----- Data listing

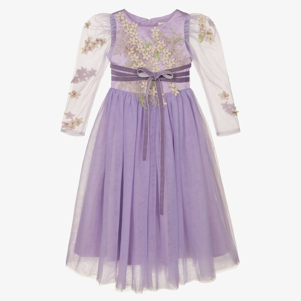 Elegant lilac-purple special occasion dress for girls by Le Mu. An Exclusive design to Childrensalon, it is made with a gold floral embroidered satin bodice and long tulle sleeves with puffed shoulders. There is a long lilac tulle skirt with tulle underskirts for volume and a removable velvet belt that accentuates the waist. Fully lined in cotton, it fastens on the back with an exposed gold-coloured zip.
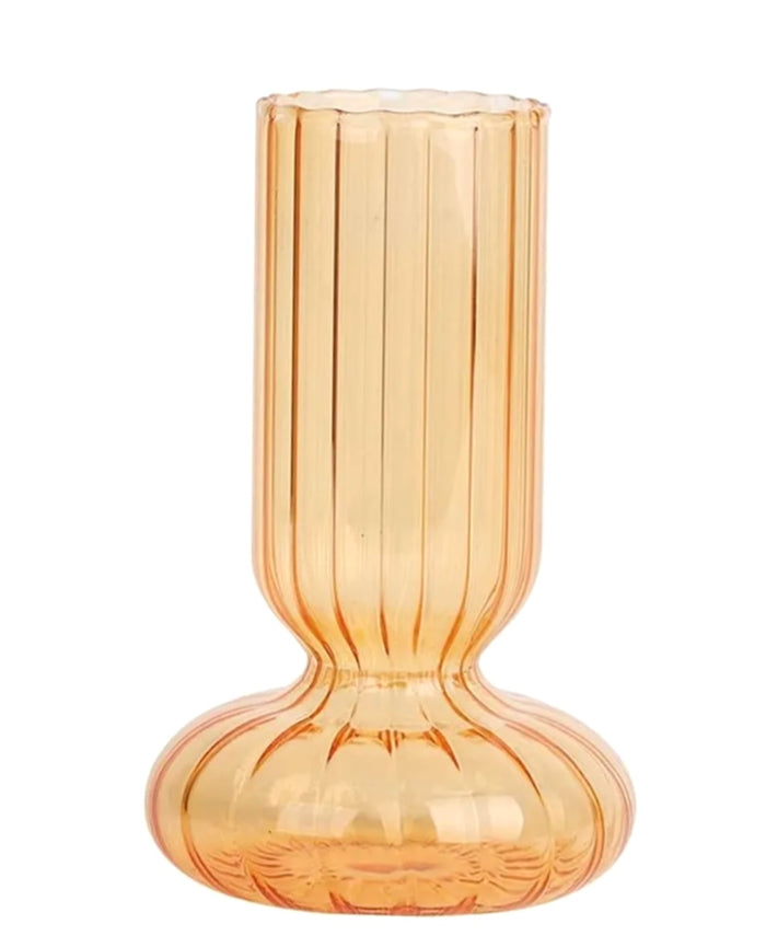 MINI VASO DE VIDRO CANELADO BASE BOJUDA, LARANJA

----------
----- Data listing

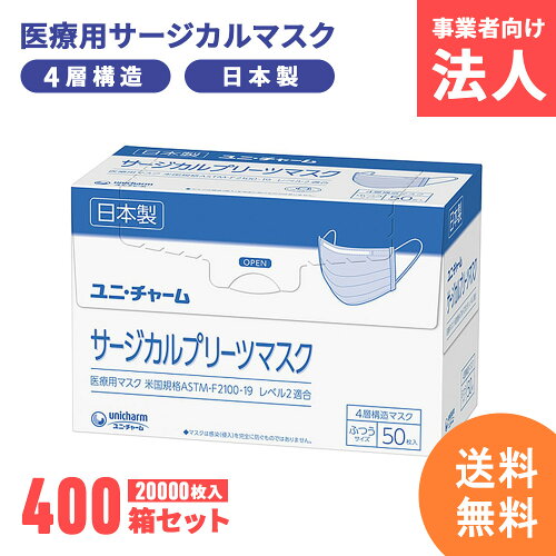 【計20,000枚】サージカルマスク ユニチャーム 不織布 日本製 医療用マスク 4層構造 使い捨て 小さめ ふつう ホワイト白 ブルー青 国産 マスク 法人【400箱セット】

----------

● What you have to do: Return exactly the stretch above whose first line contains "Elegant lilac-purple special" and whose last line contains "MINI VASO DE", and nothing outside it. The pictures should not appear.

● Finished exercise:
 Elegant lilac-purple special occasion dress for girls by Le Mu. An Exclusive design to Childrensalon, it is made with a gold floral embroidered satin bodice and long tulle sleeves with puffed shoulders. There is a long lilac tulle skirt with tulle underskirts for volume and a removable velvet belt that accentuates the waist. Fully lined in cotton, it fastens on the back with an exposed gold-coloured zip.
 MINI VASO DE VIDRO CANELADO BASE BOJUDA, LARANJA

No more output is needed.